Abstract
Asthma is a chronic T helper type 2 (Th2) cell-mediated inflammatory disease characterized by airway hyperresponsiveness (AHR) and airway inflammation. Although the majority of patients with asthma can achieve a good level of control with existing treatments, asthma runs a chronic course and the effectiveness of current treatment is not satisfactory for certain patients. MicroRNAs (miRNAs) are short noncoding RNAs that suppress gene expression at the post-transcriptional level; their role in regulating allergic inflammation remains largely unknown. The present study aimed to explore the role of miRNA-155 in the pathogenesis of asthma and its potential as a target for treatment. The expression of miRNA-155 increased in ovalbumin-sensitized and challenged mice compared with control mice, and lentiviral vector-delivered small interfering (si)RNA targeting miRNA-155 resulted in reduced AHR, airway inflammation and Th2 cytokine production. The data from the present study indicate that miRNA-155 serves an important role in the pathogenesis of asthma, and that lentiviral vector-delivered siRNA targeting miRNA-155 may serve as a novel approach for the treatment of allergic asthma.
Keywords: asthma, gene therapy, microRNA, microRNA-155, lentivirus, small interfering RNA
Introduction
Asthma is a common chronic airway inflammatory disease characterized by T helper 2 (Th2) cell-mediated eosinophilic inflammation and airway hyperresponsiveness (AHR) (1). The World Health Organization estimates that as many as 300 million people worldwide suffer from asthma (2). Despite intense ongoing research, the underlying molecular mechanisms leading to asthma remain unclear. Although the majority of patients with asthma can achieve a good level of control with existing treatments, asthma still has a chronic and long disease course, and the effectiveness of current treatments is not satisfactory for numerous patients.
MicroRNAs (miRNAs/miRs) are a large family of endogenous noncoding RNAs that post-transcriptionally modulate gene expression by promoting mRNA degradation or inhibiting protein translation (3). The alteration of miRNA expression has been implicated in a range of human diseases (4–6). Emerging evidence has identified that miRNAs serve an essential role in allergic airway diseases. Inhibition of miR-126 was demonstrated to suppress the function of Th2 cells and the development of allergic airway inflammation (7). In addition, antagonism of miR-145 has been revealed to inhibit eosinophilic airway inflammation, Th2 cytokine production and AHR (8). Furthermore, another previous study identified that anti-let-7 treatment markedly inhibited the production of allergic cytokines and asthmatic features (9). Based on the aforementioned evidence, the manipulation of miRNA expression has a potential application for the treatment of allergic airway diseases.
Attention has recently been focussed on to miR-155, a multifunctional miRNA, due to its role in multiple physiological processes in the immune system (10–13). Data from clinical samples support the theory that miR-155 serves a critical role in the pathogenesis of allergic diseases, including allergic rhinitis (14,15) and atopic dermatitis (16).

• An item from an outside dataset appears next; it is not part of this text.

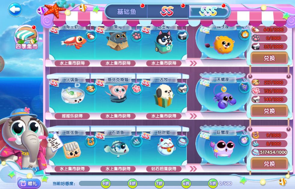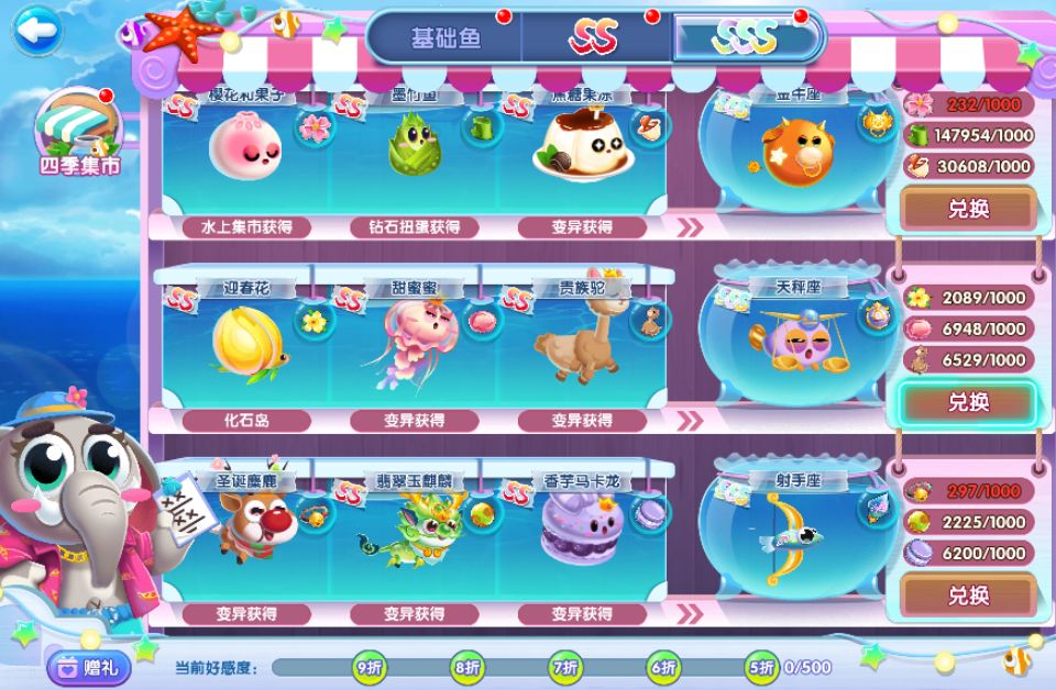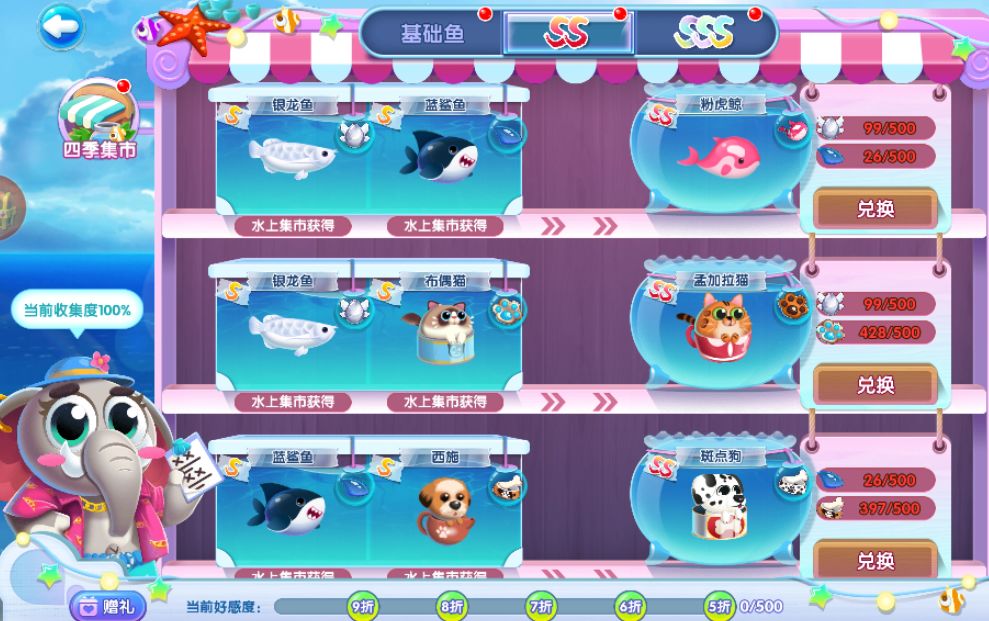到了SS页面,就需要两种S级别鱼的鱼宝去兑换SS了,最后是各500个鱼宝兑换一条SS。

In regards to the lungs, mice deficient in miR-155 exhibited enhanced airway remodelling (12) and miR-155 was demonstrated to contribute to the regulation of allergic airway inflammation by modulating Th2 responses through the transcription factor PU.1 (17). In addition, miR-155 deficiency has been identified to alleviate allergic airway inflammation in mice (18). Despite limited evidence linking miR-155 to the etiology of asthma, previous studies have evaluated the feasibility of using miR-155 antagonists to treat asthma (19,20).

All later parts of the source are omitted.